2015-05-26 38 views
1

之間我有一個變量,它看起來像這樣:拆分變量和插入NA在

Var 
[1] 3, 4, 5  2, 4, 5  2, 4  1, 4, 5 

我需要把它拆分成數據幀,看起來像這樣:

V1 V2 V3 V4 V5 
NA NA 3 4 5 
NA 2 NA 4 5 
NA 2 NA 4 NA 
1 NA NA 4 5 

抱歉,系統我想不出找到解決我的問題的帖子。有誰知道我該怎麼做? 非常感謝您提前!

編輯:我找到了一個解決方案根據您的答案,並張貼在下面。

編輯2:我使用Ananda的解決方案提高了我的代碼效率。

+3

是'Var'一個'list'或'VECTOR'還是什麼?你的例子是不可重現的。
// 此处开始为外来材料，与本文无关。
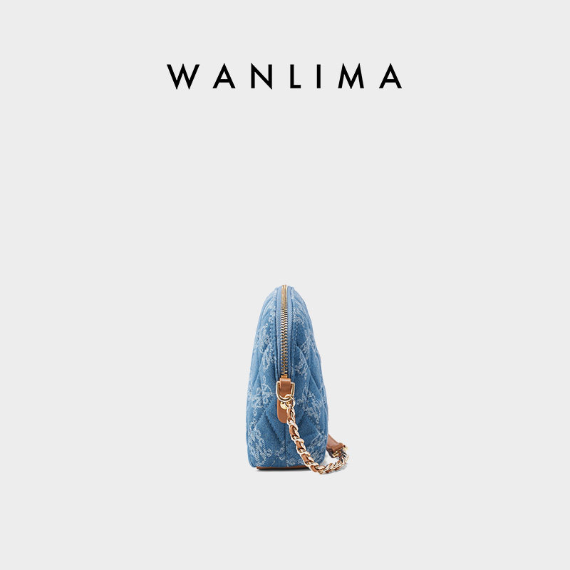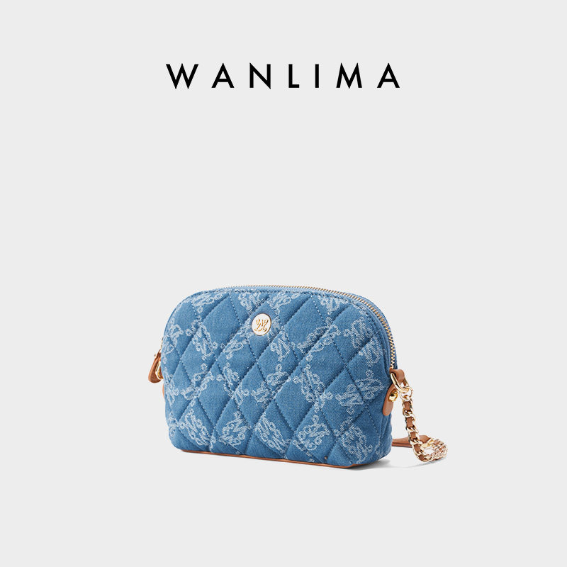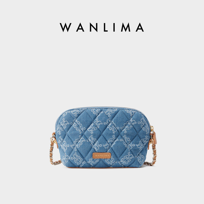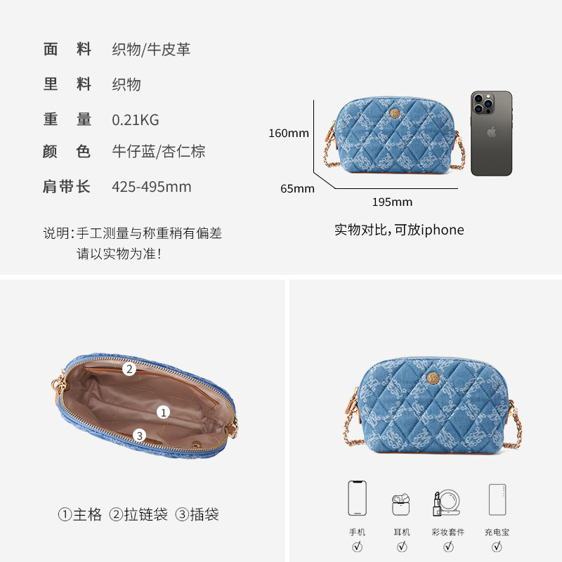 万里马丹宁贝壳包女链条包菱格mini迷你单肩饺子包斜挎手机包

它是'c(3,4,5,2,4,5,2,4,1,4,5)'還是'list(c(3,4,5),c(2,4,5), c(2,4),c(1,4,5))或c(「3,4,5,2,4,5,2,4 1,4,5」)'? – thelatemail

回答

1

由OP的回答來看, 「VAR」 是一個字符串,如:

var <- c("3, 4, 5", "2, 4, 5", "2, 4", "1, 4, 5") 
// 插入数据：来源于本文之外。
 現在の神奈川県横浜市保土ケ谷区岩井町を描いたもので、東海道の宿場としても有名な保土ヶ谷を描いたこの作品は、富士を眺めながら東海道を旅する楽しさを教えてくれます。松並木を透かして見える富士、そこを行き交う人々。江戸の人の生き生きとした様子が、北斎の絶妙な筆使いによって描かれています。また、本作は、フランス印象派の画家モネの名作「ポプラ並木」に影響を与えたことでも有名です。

如果是這樣的話,你可以考慮我的 「splitstackshape」 包cSplit_e

library(splitstackshape) 
cSplit_e(data.frame(var), "var", ",", mode = "value", drop = TRUE) 
# var_1 var_2 var_3 var_4 var_5 
# 1 NA NA  3  4  5 
# 2 NA  2 NA  4  5 
# 3 NA  2 NA  4 NA 
# 4  1 NA NA  4  5 

如果它是list,正如其他答案所假設的那樣,您可以使用支持cSplit_e的「splitstackshape」中的(未導出)numMat函數。

var <- list(c(3,4,5), c(2,4,5), c(2,4), c(1,4,5)) 
splitstackshape:::numMat(var, mode = "value") 
#  1 2 3 4 5 
# [1,] NA NA 3 4 5 
# [2,] NA 2 NA 4 5 
# [3,] NA 2 NA 4 NA 
# [4,] 1 NA NA 4 5 

引擎蓋下,numMat是一個非常類似的方法,在@ thelatemail的回答中。


如果你有-99代表NA和要排除他們,你可以嘗試:

var <- c("3, 4, 5", "2, -99, 4, 5", "2, 4", "1, 4, 5, -99") 
splitstackshape:::numMat(
    lapply(strsplit(var, ","), function(x) as.numeric(x)[as.numeric(x) > 0]), 
    mode = "value") 
#  1 2 3 4 5 
# [1,] NA NA 3 4 5 
# [2,] NA 2 NA 4 5 
# [3,] NA 2 NA 4 NA 
# [4,] 1 NA NA 4 5 
+0

非常感謝!你的第一個解決方案工作得很好,並使我的代碼更短! – JSP

0

如果我們假設您var是這似乎工作清單:

var <- list(c(3,4,5),c(2,4,5),c(2,4),c(1,4,5)) 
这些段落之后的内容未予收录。